Обе эти женщины с тяжёлой судьбой. Чжу Мин испытала все ужасы фашистского плена во время Великой отечественной войны советского народа, а Лю Айцин — тяжёлое нищенское детство в чужой семье, а в годы «культурной революции» переживания за отца, переносившего жесточайшие издевательства над ним, завершившиеся его кончиной в 1969 г., а также за моральные унижения и издевательства над его женой Ван Гуанмэй, просидевшей в те годы 11 лет в тюрьме. Чжу Мин и Лю Айцин написали честные и интересные книги воспоминаний об их отцах, чей вклад в победу народной революции в Китае в 1949 г., а затем и в строительстве КНР неоценим. В 2006 г. в Пекине вышла в свет на русском языке книга Чжу Мин «Мой отец Чжу Дэ». А в 2009 г. там же в переводе на русский была опубликована книга Лю Айцин «Мой отец Лю Шаоци», презентация которой состоялась в Институте Дальнего Востока РАН на заседании совместно с Центральным правлением Общества российско-китайской дружбы. Эти обе книги явились ценным вкладом не только в понимание личности этих выдающихся политических деятелей и духа времени, в которое они работали, но и ярко представили их чисто человеческие качества. Книги разные по стилю, содержат большой массив информации, которую не почерпнёшь больше нигде. Из их воспоминаний читатель узнает также, какими строгими к своим детям были и Лю Шаоци, и Чжу Дэ, в том числе не пользовались своим высоким положением в вопросе карьеры своих детей.

Шло время… Цзян Цин была помещена в больницу и постепенно окрепла. Вскоре она вернулась в отведённый ей особняк в Заречье, совершала прогулки, играла на бильярде, который пришёлся ей по нраву. Жизнь в Заречье шла по заведённому Минздравом СССР порядку. Через день приезжали врачи из Центральной больницы Четвёртого главного управления Минздрава СССР, наблюдая, как идёт адаптация к условиям Подмосковья, улучшается ли аппетит, физическое состояние. Надо сказать, что Цзян Цин довольно быстро набиралась сил. Стала совершать небольшие прогулки по территории, окружающей особняк. Иногда она любовалась открывавшимся видом — река и масса зелени. Ей нравилось Подмосковье. Время от времени её навещали Лю Шаоци, Гао Ган и Ван Цзясян, которые находились в Москве нелегально в июне-августе 1949 г. с ответственным государственным визитом.

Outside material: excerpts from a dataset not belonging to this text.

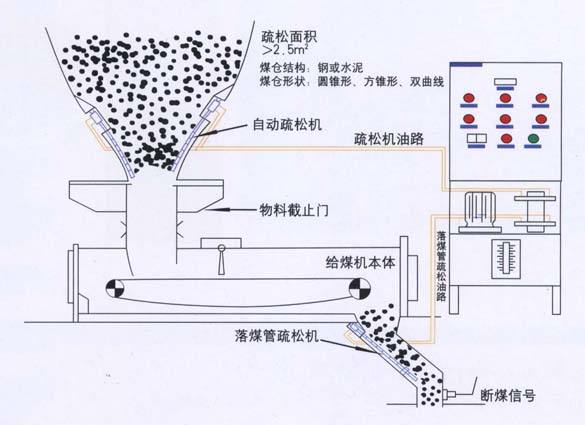 3、自動(dòng):當(dāng)給煤量明顯減少或斷煤時(shí),與疏松機(jī)配套安裝的傳感器自動(dòng)輸出啟動(dòng)信號(hào),疏松機(jī)立即運(yùn)行,清除堵塞,使原煤恢復(fù)流動(dòng)。
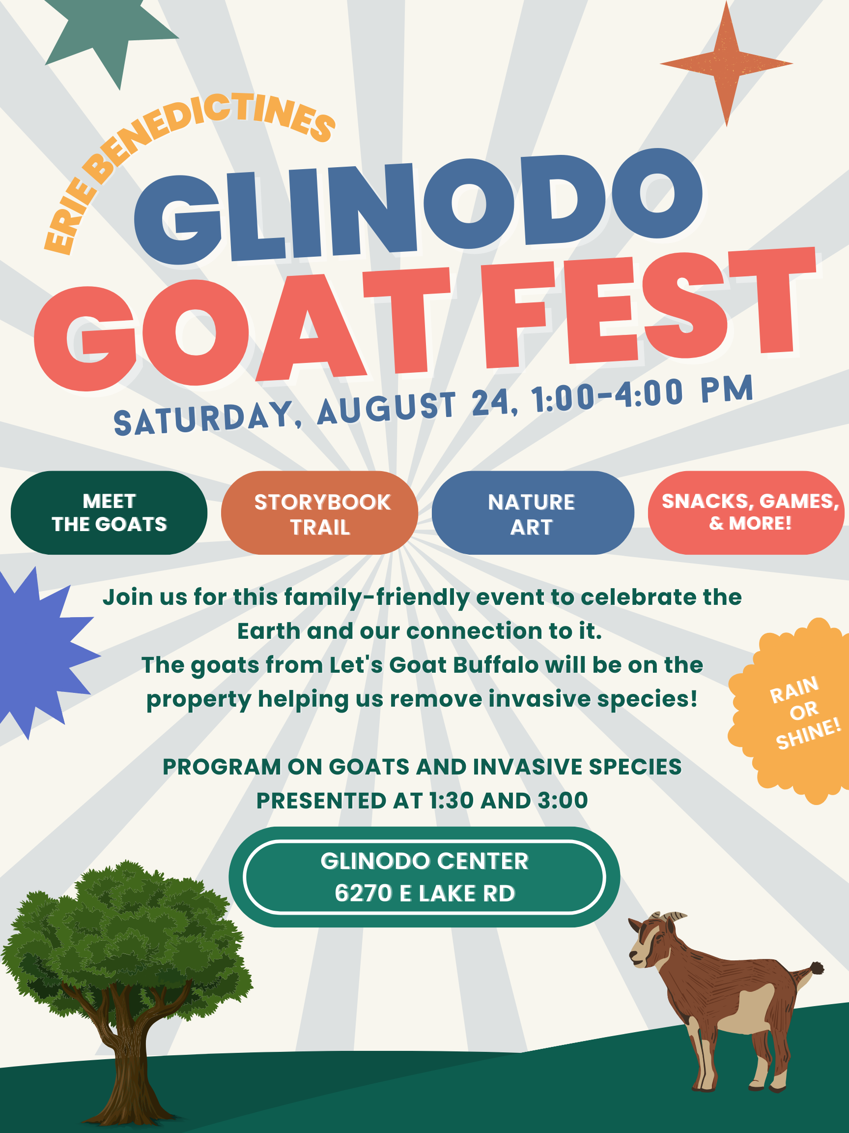 Goat Fest is family-friendly and free – join us for a storybook trail, nature art, snacks, and games. The Mercyhurst University Office of Sustainability will be present for some activities and education as well. There will be a brief presentation from the goatherds at 1:30 and again at 3:00 about the goats and how the rid the area of invasive species. Of course, there will also be opportunity to meet the goats.
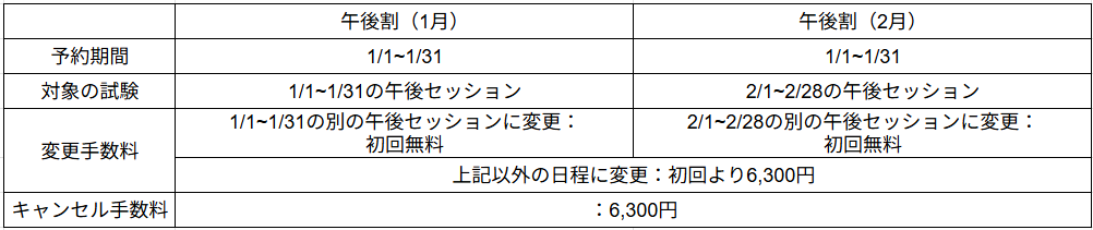 1/1~1/31の期間に2月の午後セッションを予約すると受験料が500円OFF!
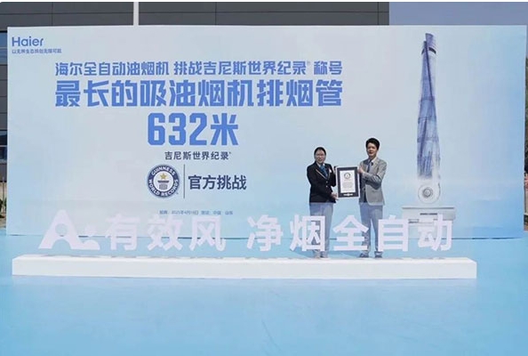 行业唯一!海尔有效风烟机挑战632米超长排烟创造吉尼斯世界纪录称号,以极致技术攻克中式厨房的排烟难题。

В Заречье её навещали чаще других Ван Цзясян — будущий первый посол КНР в Советском Союзе и его жена Чжу Чжунли. Цзян Цин получала письма и посылки из дома. Однажды она спросила меня, знаю ли я такой фрукт — личжи. Я ответила, что слышу о нём впервые. Дней через 10 при одном из моих очередных посещений Цзян Цин она пригласила меня к столу, на котором стояла ваза с фруктами, присланными из Китая.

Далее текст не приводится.